» **SUPPLIED INFORMATION**
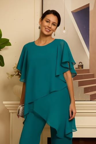 2 Pieces Mother of The Bride Pant Suits for Women Dressy Chiffon Sets Ruffle Layers Formal Wedding Guest Outfit 6
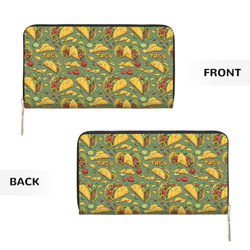 HOT ! Leather Thin Slim Wallets for Women & Men - Tacos Print Card Wallet Holder with Zipper
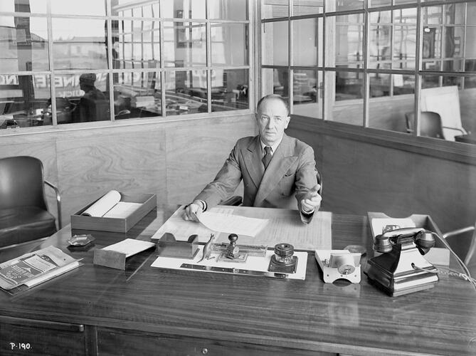 A man identified as Mr Woods sitting behind a desk at the Iinternational Harvester Co. head office in South Melbourne, 26 February 1940.

» **EXERCISE AIM**
Without including any pictures, reproduce the listing exactly.

» **ANSWER FOR THIS EXERCISE**
 2 Pieces Mother of The Bride Pant Suits for Women Dressy Chiffon Sets Ruffle Layers Formal Wedding Guest Outfit 6
 HOT ! Leather Thin Slim Wallets for Women & Men - Tacos Print Card Wallet Holder with Zipper
 A man identified as Mr Woods sitting behind a desk at the Iinternational Harvester Co. head office in South Melbourne, 26 February 1940.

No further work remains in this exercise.